飛羽真は夕方の公園で少しだけながらも会ったあの子の事を思い返しながら、『夢想』への最早何度目か分からない感嘆と尊敬の念を噛みしめつつ絵本をもう一度、今度はぱらぱらとページをめくりながら内容と絵を流し見ているとふと、

 ・飛羽真「…?」

妙な違和感を覚えた。違和感…というよりは妙な懐かしさに近いのだが…近いもので言い表すのなら…

 ・飛羽真「…ルナ。」

誰かの名を呼んだ飛羽真は机に置かれた別の絵本、


『Wonder Story』と、『著・神山飛羽真』と表紙に書かれている二冊の小説、そしてあの時と変わらず置かれている、赤いドラゴンの描かれた小さな赤い本を見やる。

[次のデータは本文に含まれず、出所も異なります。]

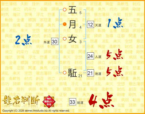 五月女駈さんの総運は33画の4点!

それは、かつて彼とその”戦友達”がこれまで歩んできた文字通りの『軌跡』であり、その『軌跡』が再び刻み始められた今では殆ど人々からは忘れ去られている記録。

 ・飛羽真「…流石にこれ以上忘れてたことがあったとは…思いたくないな。」

月明かりと暗めに設定された照明が照らす店内で一人、飛羽真はどこか影を感じさせる横顔を浮かべていた。

 ・《prrrr…prrrr…》

 ・飛羽真「…ん?ぉわっと!?」

眼を伏せていた飛羽真は自分のポケットが震えていることに数秒気付かず、驚いてポケットからスマートフォンを半ばお手玉にするように取り出し、慌てて通話に出る。

 ・飛羽真「はいっ!…はい、神山です。はい…はい…え?えぇぇ!?」

しばらく応答を繰り返した彼の眼は、大きく見開かれていた。